Glad that my persistance paid of though. Still havn't gotten Davinci Resolve to run though. Really struggling with the Linux OS as I have not messed with it at all before this.

Do you use linux currently or was it more of a fun thing for you to play with?

Thanks for the follow my man! Will take a look at your posts here when I have a moment :)

Cheers!

I've got about 10 years of experience with Linux, but no experience with Davinci. (way above my pay grade)

I use Shotcut, for my craptacular videos.

You have accomplished the difficult task of installation, its usually much easier on a standard computer. Google hardware, like Apple and Microsoft doesn't always get along well with Linux.

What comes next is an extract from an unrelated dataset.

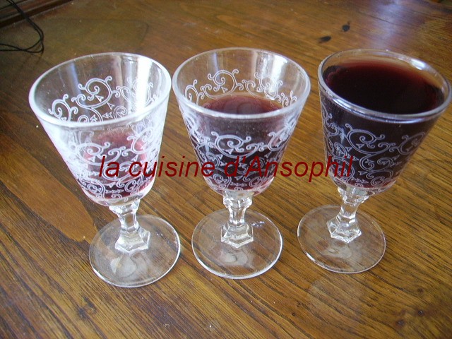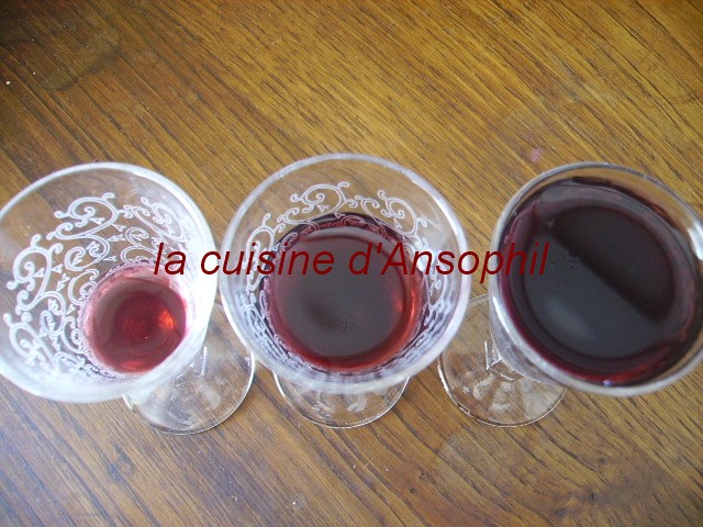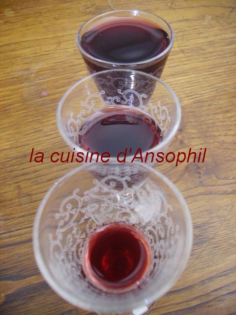 verdict : c’était délicieux,frais, parfumé, délicatement sucré; j’ai préféré le vin de feuilles de framboisier plus goûtu pour moi ….mais attends aussi le vieillissement du vin de cerisier avec impatience ou plutôt patience….car le livre parle d’une cuvée d’une année sur l’autre…il n’est pas sûr qu’il en reste d’ici un mois..alors on y pensera pour l’année prochaine !!!

What distro did you install, and what tutorial did you follow?

I am on a chromebook so I used crouton and installed xfce4 and i'm pretty certain the version is trusty.

This is the tutorial video I followed:

If its not running natively this is not ideal from a performance standpoint, but it might work well enough?

Trusty is pretty old, it may not be supported by Davinci.

Of course, since Davinci isn't "open source" you can't recompile it to make it work.

What’s a chroot?

Like virtualization, chroots provide the guest OS with their own, segregated file system to run in, allowing applications to run in a different binary environment from the host OS. Unlike virtualization, you are not booting a second OS; instead, the guest OS is running using the Chromium OS system. The benefit to this is that there is zero speed penalty since everything is run natively, and you aren’t wasting RAM to boot two OSes at the same time. The downside is that you must be running the correct chroot for your hardware, the software must be compatible with Chromium OS’s kernel, and machine resources are inextricably tied between the host Chromium OS and the guest OS. What this means is that while the chroot cannot directly access files outside of its view, it can access all of your hardware devices, including the entire contents of memory. A root exploit in your guest OS will essentially have unfettered access to the rest of Chromium OS.

Someone may have an answer here:

http://forum.blackmagicdesign.com/

Massive amounts of help! Thanks for taking the time to give me such a detailed response brother. I will see if my answers can be found in the forum that you provided. Just have to keep plugging at it and hopefully something will work!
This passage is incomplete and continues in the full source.